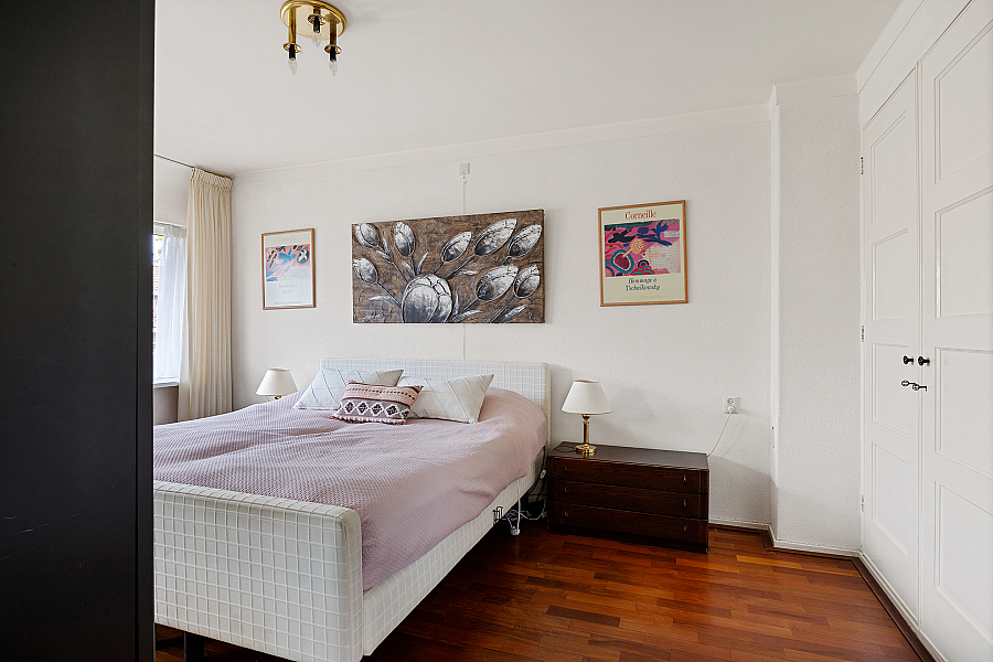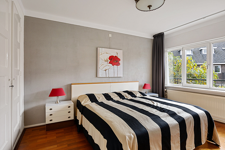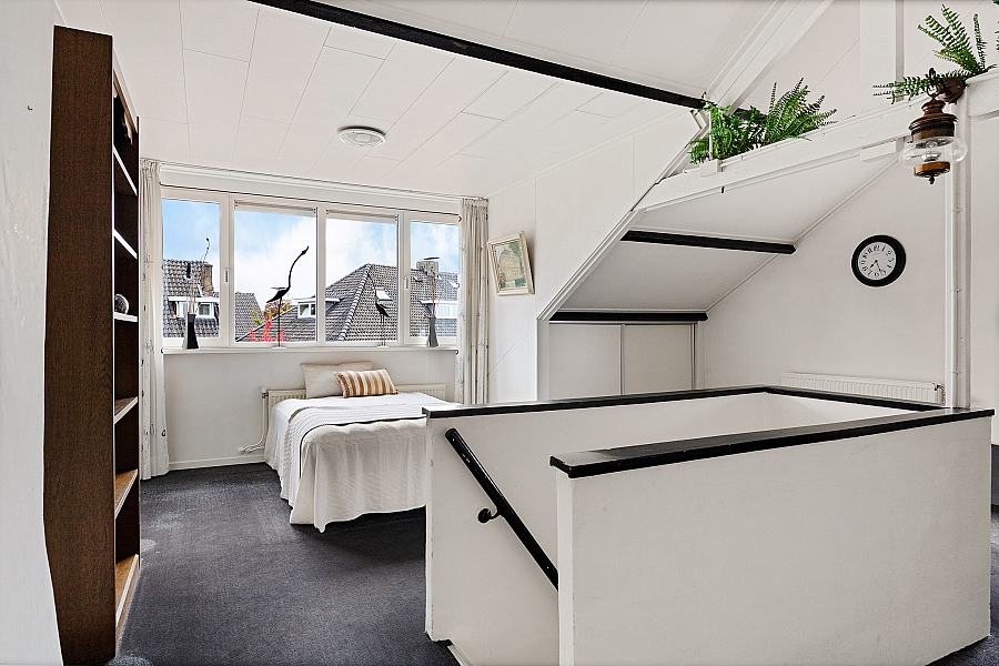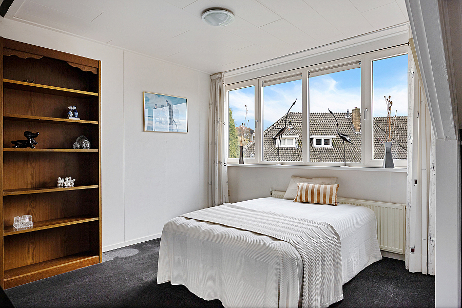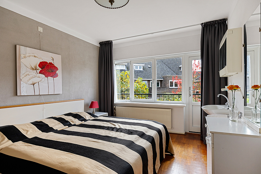 Op de eerste verdieping zijn drie slaapkamers, waarvan de achterste met toegang tot het balkon. De badkamer is modern afgewerkt en beschikt over vloerverwarming, een douche, wastafelmeubel en tweede toilet. Via een vaste trap bereik je de tweede verdieping met een extra (slaap)kamer, een dakkapel en bergruimte; ideaal voor logees, een werkkamer of hobbyruimte.
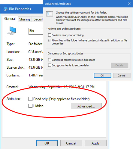 Una casilla de verificación en blanco indica que ninguno de los elementos tiene ese atributo, mientras que una marca de verificación indica que ese archivo o todos los archivos de la carpeta tienen ese atributo.
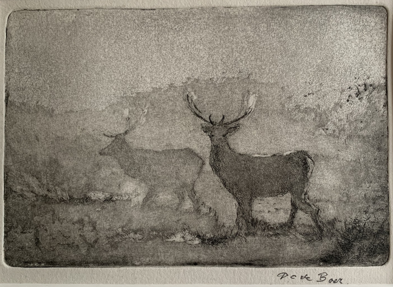 Herten in de mist

_The task:_ Print the full listing above again with exact wording and no images.

_Result below:_
 Op de eerste verdieping zijn drie slaapkamers, waarvan de achterste met toegang tot het balkon. De badkamer is modern afgewerkt en beschikt over vloerverwarming, een douche, wastafelmeubel en tweede toilet. Via een vaste trap bereik je de tweede verdieping met een extra (slaap)kamer, een dakkapel en bergruimte; ideaal voor logees, een werkkamer of hobbyruimte.
 Una casilla de verificación en blanco indica que ninguno de los elementos tiene ese atributo, mientras que una marca de verificación indica que ese archivo o todos los archivos de la carpeta tienen ese atributo.
 Herten in de mist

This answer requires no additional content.